The captive young man, as it turns out, is 21-year-old Bernie Sanders, today a senator from Vermont and a presidential hopeful. At the time of the photo in 1963, Sanders was a student at the University of Chicago, an avid civil rights activist and a leader of the Congress of Racial Equality. In this particular moment of strife, he was being taken by Chicago police toward a police wagon following a protest against school segregation in the Englewood neighborhood of the city.
“Bernie identified it himself,” Tad Devine, a senior adviser to the Sanders campaign, told the Tribune. “He looked at it – he actually has his student ID from the University of Chicago in his wallet – and he said, ‘Yes, that indeed is [me].'”
“His activism and when it occurred, as a young college student, set in motion the direction of his life,” Mr. Devine added.

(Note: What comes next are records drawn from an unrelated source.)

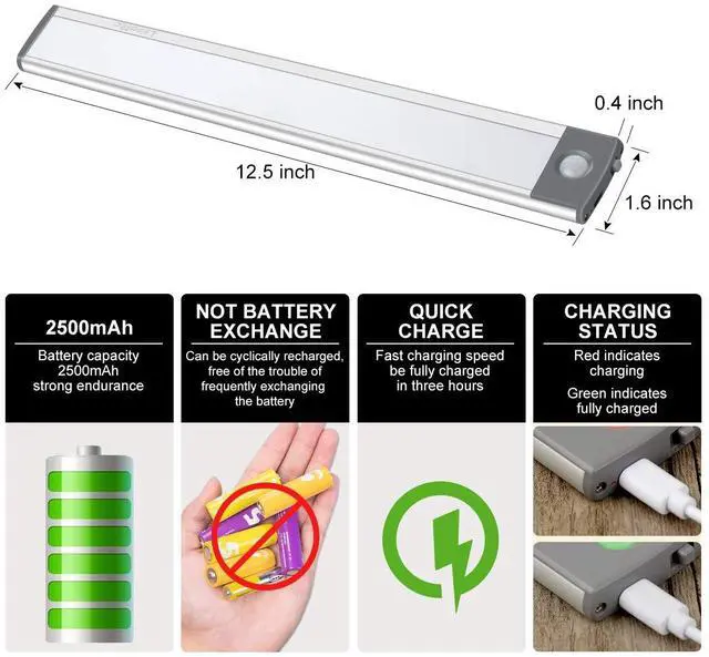 These led battery operated lights built-in 2500mAh high-capacity rechargeable battery, easily charged via the USB cable(included). After fully charged, the wireless under cabinet lighting can last for about 3 hours when you make it (ON)mode, and 2-4 weeks under motion sensor(G) mode(activate 10 times a day).
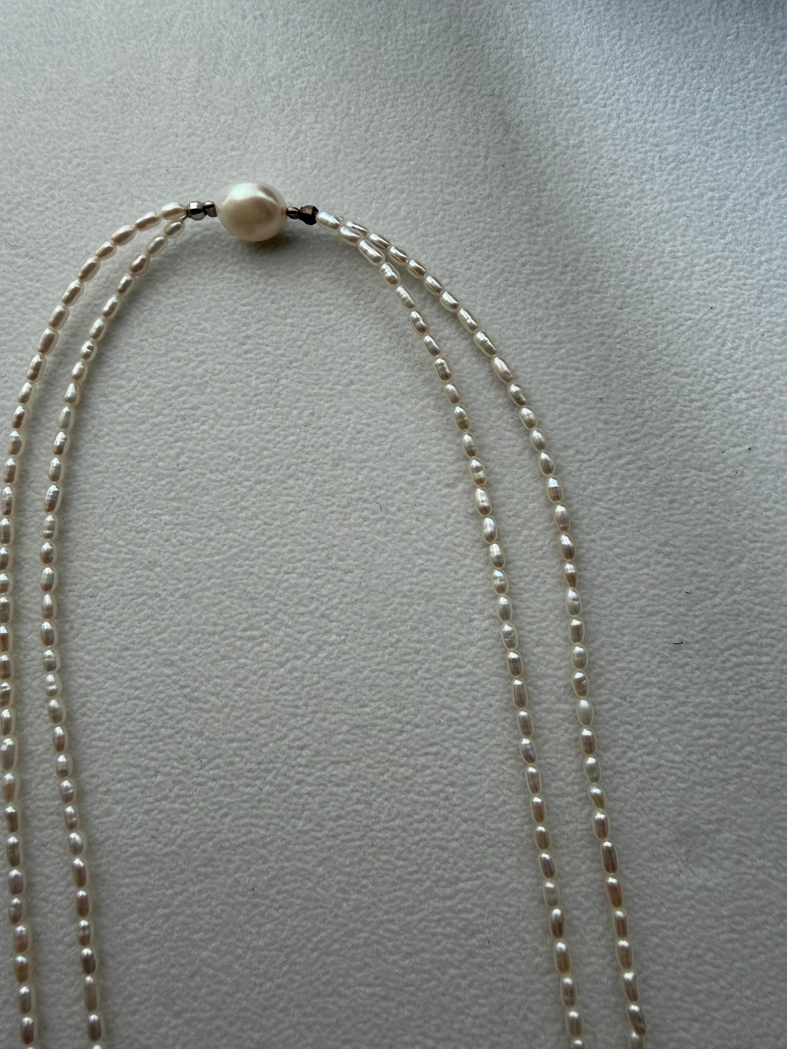 • Layered: お手持ちのゴールドネックレスや、silverネックレスなど短めのパールネックレスとの重ね着けも今っぽく決まります。
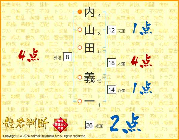 内(4画)山(3画)田(5画) 義(13画)一(1画)
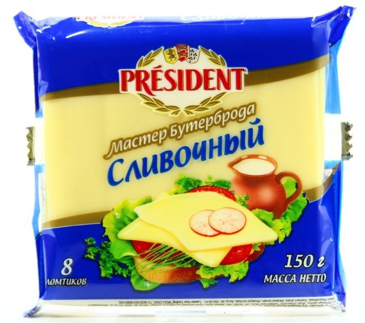A wonderful product from the famous brand "President", which has a delicate creamy taste, won the love of customers who speak positively about the quality of the product. Many share their own recipes for a quick snack using President slices. For example, you can toast bread and put a slice, a thin circle of tomato and a piece of ham or sausage on it. It can also be used as a filling for buns, as hot cheese is very tasty and becomes viscous. As part of the product, in addition to natural ingredients, there are food additives that are not harmful.
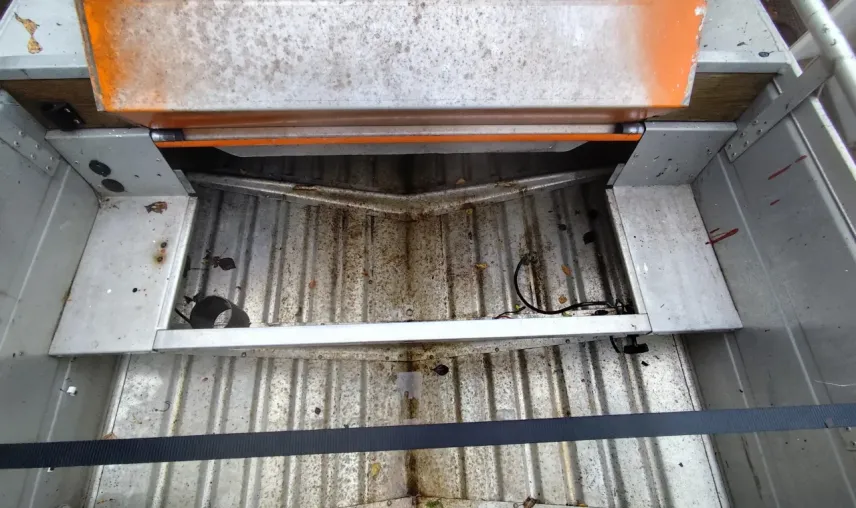 Snurran behöver ses över och kåpan är försvunnit.
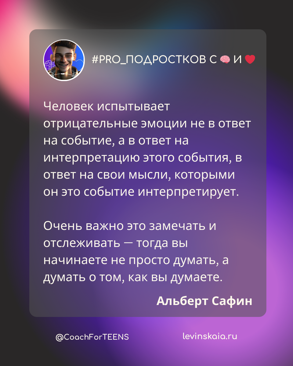 #мысль_дня Человек испытывает отрицательные эмоции не в ответ на событие, а в ответ на интерпретацию этого события, в ответ на свои мысли, которыми он это событие интерпретирует. Очень важно это замечать и отслеживать — тогда вы начинаете не просто думать, а думать о том, как вы думаете. Альберт Сафин
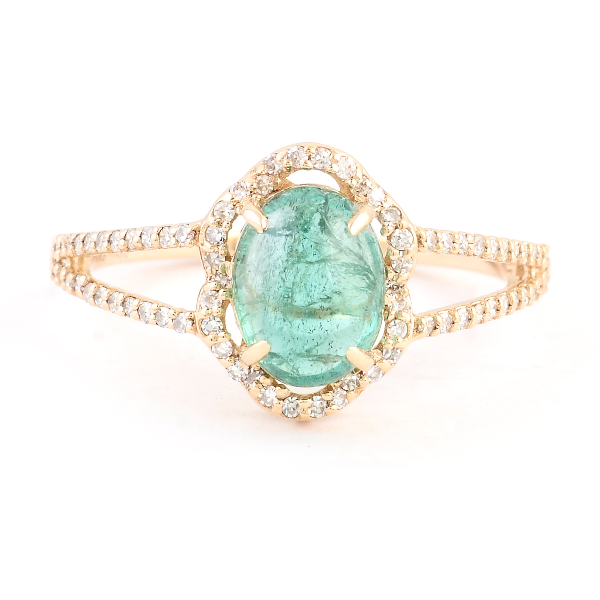 1.75 Ct Oval Cabochon Natural Beryl Emerald 14K Gold Ring
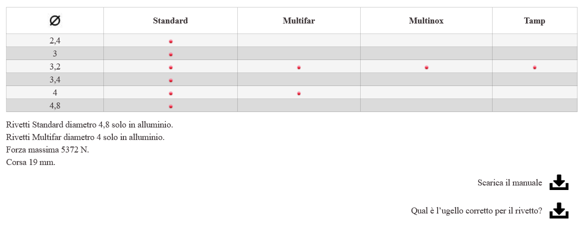 - Diametro rivetti 2,4 Ć· 4,8 mm

As his support among African American voters has thus proven to be tenuous next to his opponent Hillary Clinton, this photograph will perhaps reinforce Sanders’s identity as an activist and ally of civil rights causes, especially at a time when America’s black electorate is galvanized by what can be considered a new civil rights movement.
In the Nevada caucuses Saturday, Ms. Clinton’s victory was bolstered by an overwhelming majority of black voters – 76 percent, according to entrance polls. Although the numbers were much closer in Iowa and New Hampshire, where Sanders won, experts anticipate that Clinton will maintain her edge among African Americans in the upcoming primaries.
According to a Bloomberg poll published last week, the former secretary of state leads Sanders by 22 points overall and nearly 40 points among likely black voters. The Clintons have successfully established an alliance with black preachers and politicians in South Carolina, at least in part thanks to the efforts of former President Bill Clinton. What happens next Saturday will likely determine how each candidate will fare in other racially diverse states.
“It’s a really interesting race, and Clinton’s ability to do well among African-American voters is one of the biggest stories so far, in part built on the fact that she’s been building relationships in the African-American community for a very long time,” Gibbs Knotts, a political scientist at the College of Charleston, told The Christian Science Monitor’s Patrik Jonsson Saturday.